• TASK PROMPT:
Every line of the material must appear in the answer exactly as it does here.

• SOURCE DATA:

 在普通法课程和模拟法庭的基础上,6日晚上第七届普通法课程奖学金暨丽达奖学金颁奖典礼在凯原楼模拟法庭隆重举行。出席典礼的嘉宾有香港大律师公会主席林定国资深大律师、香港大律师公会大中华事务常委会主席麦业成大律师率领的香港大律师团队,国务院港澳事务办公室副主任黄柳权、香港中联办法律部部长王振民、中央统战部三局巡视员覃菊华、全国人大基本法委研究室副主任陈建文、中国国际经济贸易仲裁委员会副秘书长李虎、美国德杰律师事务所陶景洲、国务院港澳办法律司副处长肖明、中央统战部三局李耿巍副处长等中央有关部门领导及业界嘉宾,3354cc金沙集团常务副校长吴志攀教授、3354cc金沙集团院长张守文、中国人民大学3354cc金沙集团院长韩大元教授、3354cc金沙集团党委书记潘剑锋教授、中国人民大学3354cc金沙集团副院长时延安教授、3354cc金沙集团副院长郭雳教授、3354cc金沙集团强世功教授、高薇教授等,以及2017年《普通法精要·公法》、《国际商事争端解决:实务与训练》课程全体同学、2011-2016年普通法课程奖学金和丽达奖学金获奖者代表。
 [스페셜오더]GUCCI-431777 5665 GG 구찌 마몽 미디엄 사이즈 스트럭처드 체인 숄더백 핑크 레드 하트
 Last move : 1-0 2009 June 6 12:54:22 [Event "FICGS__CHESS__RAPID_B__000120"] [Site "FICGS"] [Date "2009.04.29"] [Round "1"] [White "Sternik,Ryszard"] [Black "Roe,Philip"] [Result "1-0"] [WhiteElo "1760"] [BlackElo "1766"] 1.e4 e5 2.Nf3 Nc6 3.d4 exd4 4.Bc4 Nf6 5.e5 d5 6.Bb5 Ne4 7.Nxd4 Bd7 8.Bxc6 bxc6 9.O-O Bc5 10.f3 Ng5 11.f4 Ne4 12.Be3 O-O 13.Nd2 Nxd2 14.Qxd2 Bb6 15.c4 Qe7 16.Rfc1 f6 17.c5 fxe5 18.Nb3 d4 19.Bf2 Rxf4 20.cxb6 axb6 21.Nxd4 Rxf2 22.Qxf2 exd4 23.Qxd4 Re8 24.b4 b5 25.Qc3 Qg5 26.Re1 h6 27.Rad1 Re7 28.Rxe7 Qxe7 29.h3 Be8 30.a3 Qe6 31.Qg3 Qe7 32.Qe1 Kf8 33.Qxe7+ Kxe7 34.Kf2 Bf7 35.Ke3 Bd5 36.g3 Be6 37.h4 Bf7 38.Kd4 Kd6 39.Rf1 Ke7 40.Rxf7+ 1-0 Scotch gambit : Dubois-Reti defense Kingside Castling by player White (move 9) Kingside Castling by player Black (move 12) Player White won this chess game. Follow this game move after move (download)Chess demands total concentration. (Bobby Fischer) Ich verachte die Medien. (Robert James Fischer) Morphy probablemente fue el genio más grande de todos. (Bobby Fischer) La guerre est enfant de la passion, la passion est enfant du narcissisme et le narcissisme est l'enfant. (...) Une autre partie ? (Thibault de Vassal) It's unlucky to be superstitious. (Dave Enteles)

• YOUR RESPONSE:
 在普通法课程和模拟法庭的基础上,6日晚上第七届普通法课程奖学金暨丽达奖学金颁奖典礼在凯原楼模拟法庭隆重举行。出席典礼的嘉宾有香港大律师公会主席林定国资深大律师、香港大律师公会大中华事务常委会主席麦业成大律师率领的香港大律师团队,国务院港澳事务办公室副主任黄柳权、香港中联办法律部部长王振民、中央统战部三局巡视员覃菊华、全国人大基本法委研究室副主任陈建文、中国国际经济贸易仲裁委员会副秘书长李虎、美国德杰律师事务所陶景洲、国务院港澳办法律司副处长肖明、中央统战部三局李耿巍副处长等中央有关部门领导及业界嘉宾,3354cc金沙集团常务副校长吴志攀教授、3354cc金沙集团院长张守文、中国人民大学3354cc金沙集团院长韩大元教授、3354cc金沙集团党委书记潘剑锋教授、中国人民大学3354cc金沙集团副院长时延安教授、3354cc金沙集团副院长郭雳教授、3354cc金沙集团强世功教授、高薇教授等,以及2017年《普通法精要·公法》、《国际商事争端解决:实务与训练》课程全体同学、2011-2016年普通法课程奖学金和丽达奖学金获奖者代表。
 [스페셜오더]GUCCI-431777 5665 GG 구찌 마몽 미디엄 사이즈 스트럭처드 체인 숄더백 핑크 레드 하트
 Last move : 1-0 2009 June 6 12:54:22 [Event "FICGS__CHESS__RAPID_B__000120"] [Site "FICGS"] [Date "2009.04.29"] [Round "1"] [White "Sternik,Ryszard"] [Black "Roe,Philip"] [Result "1-0"] [WhiteElo "1760"] [BlackElo "1766"] 1.e4 e5 2.Nf3 Nc6 3.d4 exd4 4.Bc4 Nf6 5.e5 d5 6.Bb5 Ne4 7.Nxd4 Bd7 8.Bxc6 bxc6 9.O-O Bc5 10.f3 Ng5 11.f4 Ne4 12.Be3 O-O 13.Nd2 Nxd2 14.Qxd2 Bb6 15.c4 Qe7 16.Rfc1 f6 17.c5 fxe5 18.Nb3 d4 19.Bf2 Rxf4 20.cxb6 axb6 21.Nxd4 Rxf2 22.Qxf2 exd4 23.Qxd4 Re8 24.b4 b5 25.Qc3 Qg5 26.Re1 h6 27.Rad1 Re7 28.Rxe7 Qxe7 29.h3 Be8 30.a3 Qe6 31.Qg3 Qe7 32.Qe1 Kf8 33.Qxe7+ Kxe7 34.Kf2 Bf7 35.Ke3 Bd5 36.g3 Be6 37.h4 Bf7 38.Kd4 Kd6 39.Rf1 Ke7 40.Rxf7+ 1-0 Scotch gambit : Dubois-Reti defense Kingside Castling by player White (move 9) Kingside Castling by player Black (move 12) Player White won this chess game. Follow this game move after move (download)Chess demands total concentration. (Bobby Fischer) Ich verachte die Medien. (Robert James Fischer) Morphy probablemente fue el genio más grande de todos. (Bobby Fischer) La guerre est enfant de la passion, la passion est enfant du narcissisme et le narcissisme est l'enfant. (...) Une autre partie ? (Thibault de Vassal) It's unlucky to be superstitious. (Dave Enteles)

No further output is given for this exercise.